- [Your assignment]
Your task is to retype, exactly, the line containing "Ses plaques en" and every later line through the end of the listing, with pictures omitted.
Material for this exercise Block Start
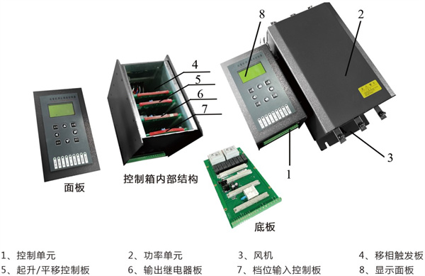 結(jié)構(gòu)及技術(shù)指標(biāo)GVDJ控制器由控制單元和功率單元組成,兩者固定為一體。電氣連接方式通過矩形插座連線連接,控制單元由升降控制板(GV-002DI)/(平移控制板GV-003DI)、輸岀板(GV-004DI、GV-008DI)、檔位輸入控制板(GV-009DI)、移相觸發(fā)板GV-005DI)、顯示板(GV-015DI)及案板(GV-006DI)組成。功率單元由晶閘管、散熱器、壓敏電阻、阻容保護(hù)模塊、溫度繼電器及風(fēng)扇組成。整體結(jié)構(gòu)如下圖所示:
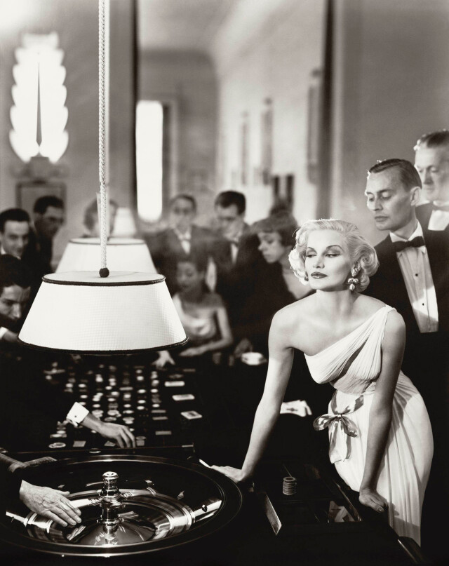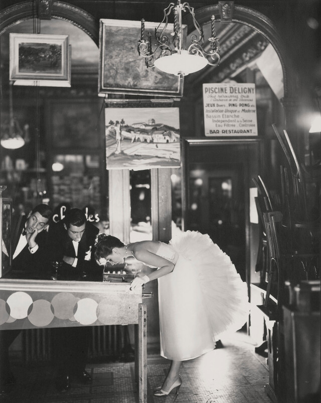 Санни Харнетт, Вечернее платье от Греса, Казино, Ле-Туке, август 1954 г. Сьюзи Паркер, вечернее платье от Lanvin-Castillo, Кафе изящных искусств, Париж, август 1956. Фотограф Ричард Аведон
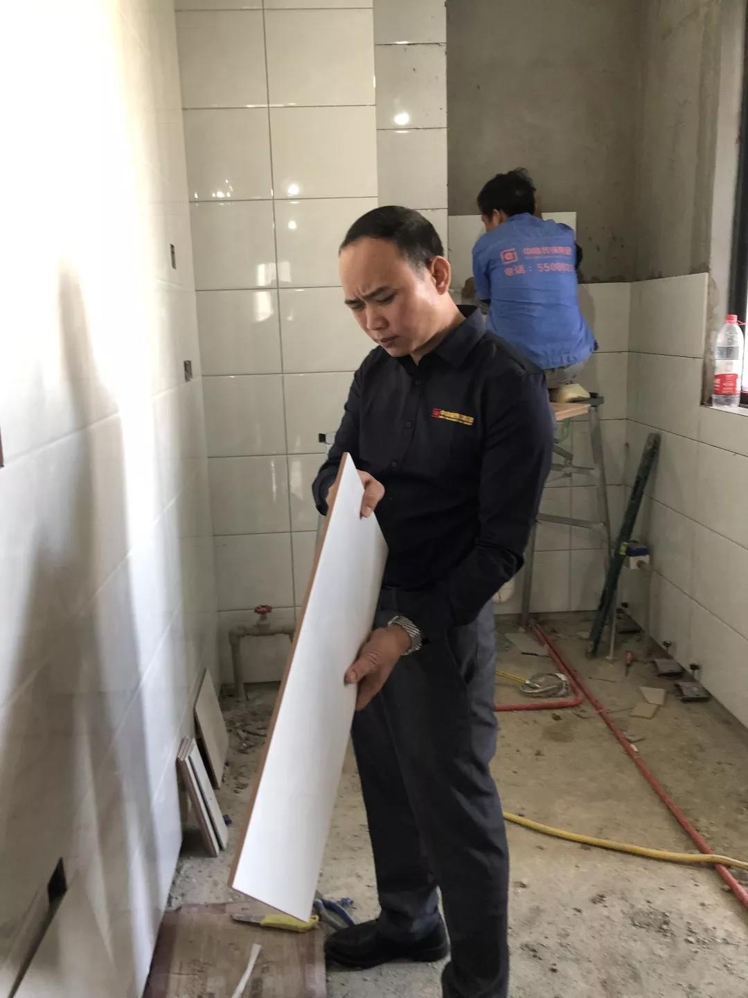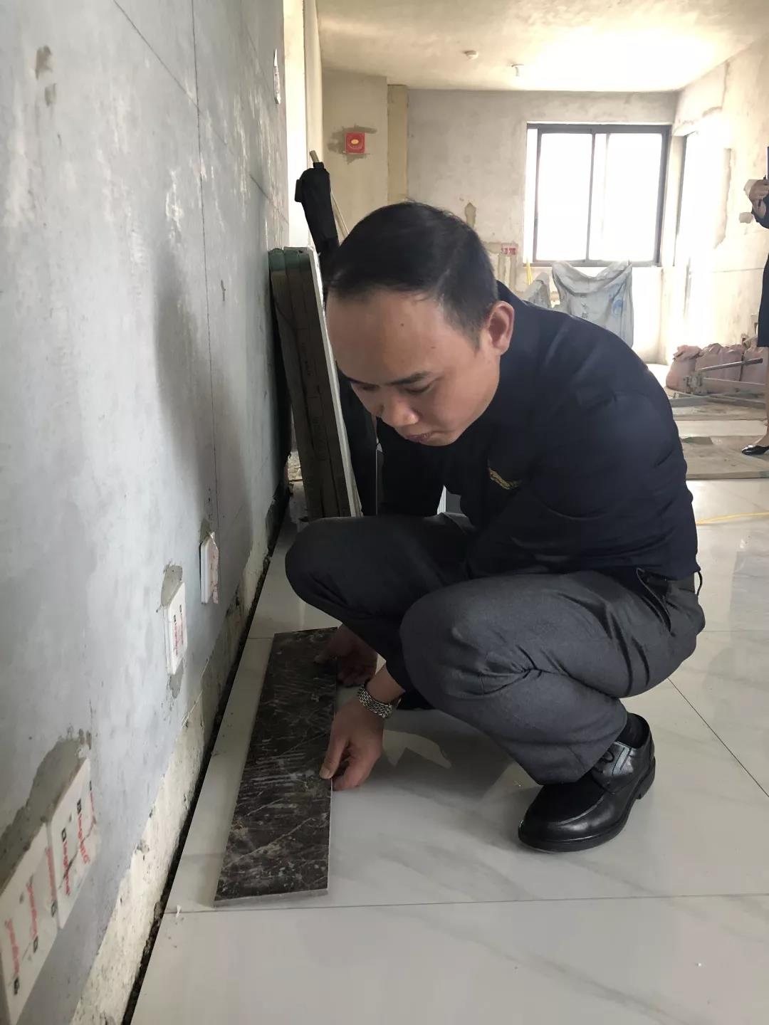 距離廣西教育廳住宅裝修集體開工儀式已過去一月有余,部分工地施工相繼進入鋪磚階段。作為教育廳住宅裝修工程總指揮,肩負著集團的使命和業主朋友們的信任,集團副總裁、工程質量管理中心總經理吳文戰時刻牽掛著教育廳工地進展情況。10月30日,吳總帶領質管中心工程管理團隊赴工地現場對工程材料、質量和服務三大項進行突擊檢查!
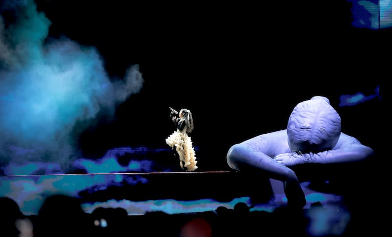 Es probable que la inspiración de esta propuesta con tintes teatrales provenga de los últimos espectáculos de adelantados como C. Tangana y Rosalía, modalidades de concierto que rehuyen del clásico show musical, estrenando canciones rotuladas en un álbum. Según este guión, la ejecución en directo se subordina al aspecto visual y el despliegue coreográfico, configurando un musical. La disposición tradicional de la banda de acompañamiento prácticamente desapareció, reducida a una alineación de percusión y batería en una esquina, un par de bronces y guitarra; el resto se empaca en generosas pistas grabadas.
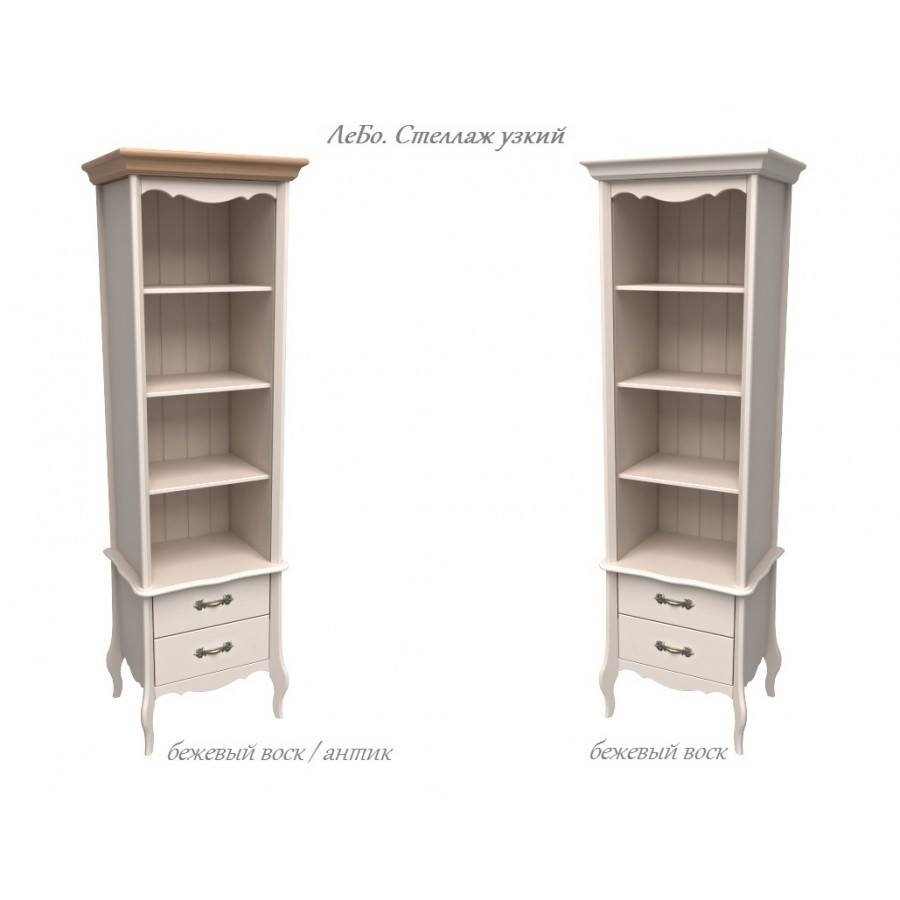 Небольшой по ширине стеллаж узкий Лебо артикул 55718 бежевый воск с двумя ящиками на направляющих и полками, регулируемыми по высоте. Наборная из отдельных деревянных панелей задняя стенка стеллажа повторяет рисунок коллекции.
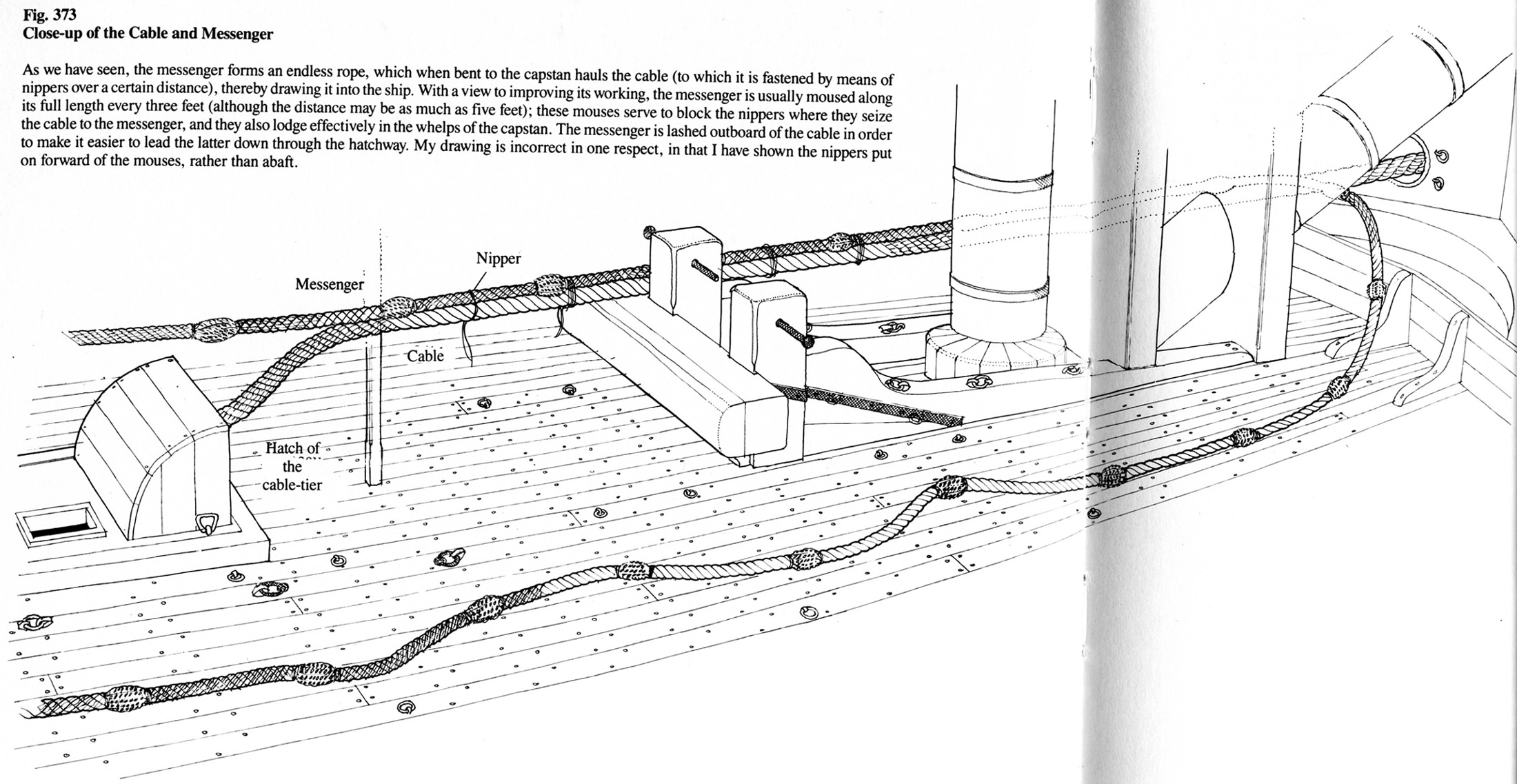 Po drugie: w wiekszych jednostkach, typu np. Victory itp. lina kotwiczna (tzw. cable) byla zbyt gruba i sztywna by moc ja okrecac wokol bebna kabestanu. Do tego byla przewaznie mokra i sliska od glonow, wodorostow i roznych skorupiakow porastajacych na niej, a wiec trudna do manipulowania nia. Zamiast niej uzywano cienszej zwanej messenger, ktora chwilowo przywiazywano do odcinka liny kotwicznej (miedzy hawse holes a kabestanem) krotszymi linkami zwanymi nippers. Do tej funkcji byli wyznaczeni specjalni marynarze nazywani identycznie - nippers albo nipper men. Tuz przy wlazie (hatch to cable tier) dla liny kotwicznej byla usytuowana inna grupa marynarzy ktorzy odwiazywali te ciensze linki, by pozwolic grubej linie kotwicznej wnikac pod poklad, nizej , do specjalnego magazynu gdzie ta lina byla skladowana (cable tier). A lina messenger szla dalej i byla okrecana na bebnie kabestanu. Po kilku okreceniach wokol bebna, jej przeciwlegly bieg wracal ku dziobowi okretu na ksztalt zamknietego okregu i powtarzal swa funkcje... Patrz wyzej.
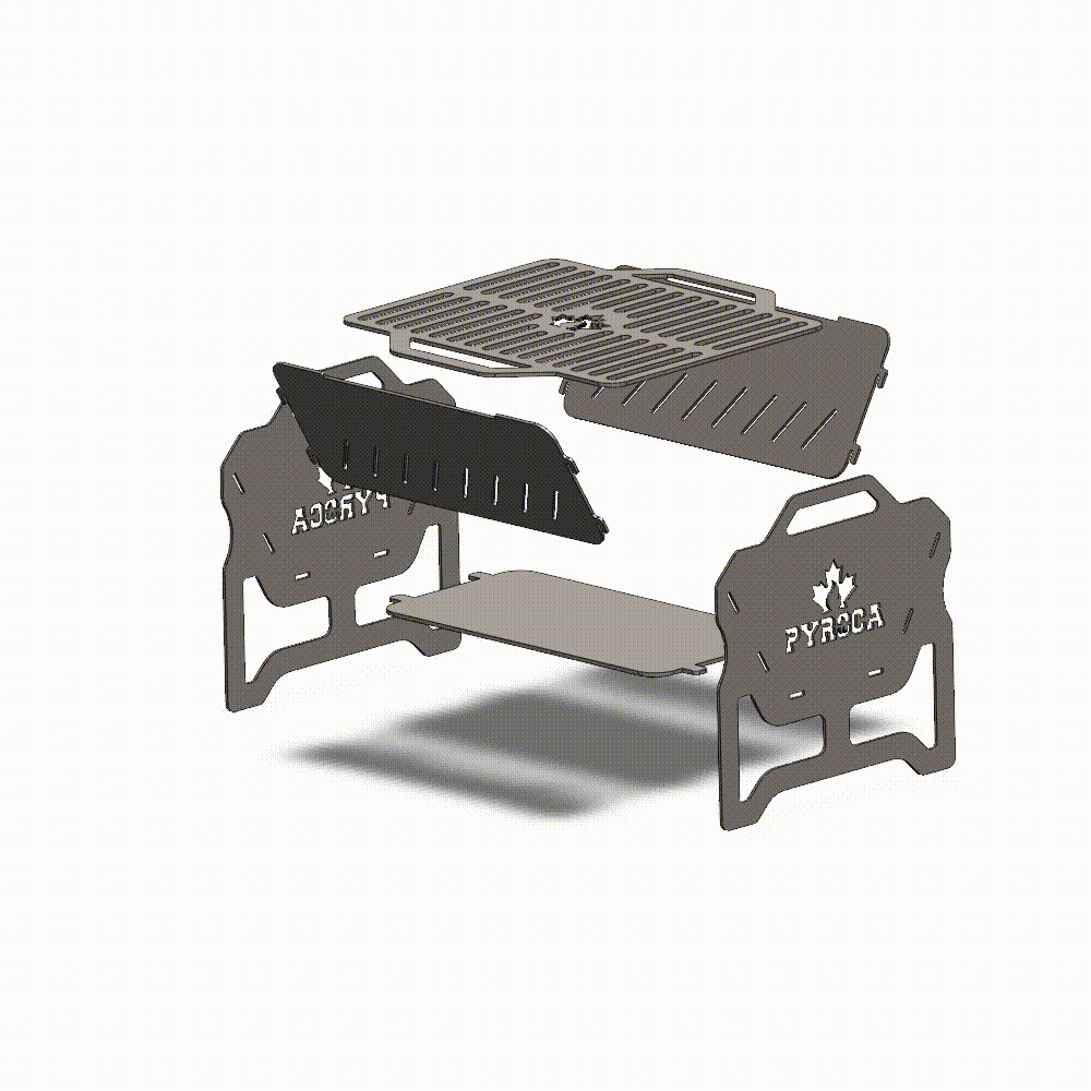 Ses plaques en acier inoxydable s’assemblent facilement, en quelques secondes et sans outil pour former un foyer robuste, compatible avec charbon ou petit bois. Pensé pour la portabilité : une fois démonté, il se fait discret avec seulement 10,6 po x 8,2 po.
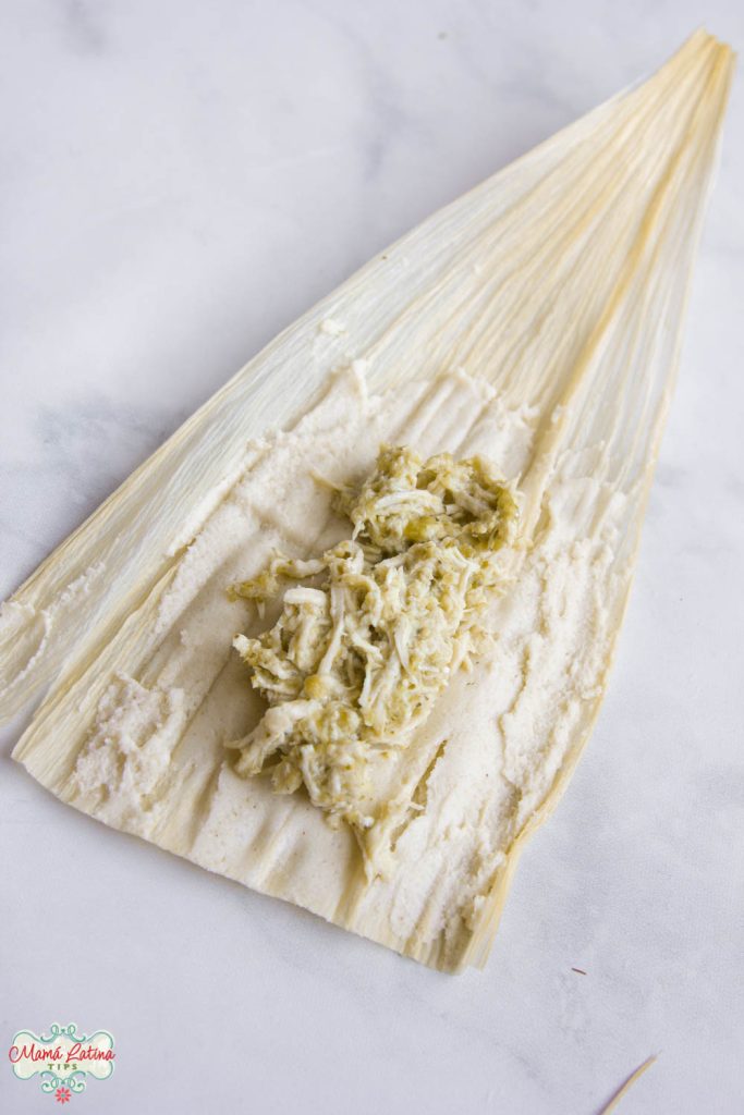 - Add a teaspoon of the chicken filling in the middle of the masa. Fold both sides to cover the filling, the side with no masa will be on top. Then fold the tamal in half and tie. Continue until you’ve used all the masa.
Material for this exercise Block End
- [Exercise result]
 Ses plaques en acier inoxydable s’assemblent facilement, en quelques secondes et sans outil pour former un foyer robuste, compatible avec charbon ou petit bois. Pensé pour la portabilité : une fois démonté, il se fait discret avec seulement 10,6 po x 8,2 po.
 - Add a teaspoon of the chicken filling in the middle of the masa. Fold both sides to cover the filling, the side with no masa will be on top. Then fold the tamal in half and tie. Continue until you’ve used all the masa.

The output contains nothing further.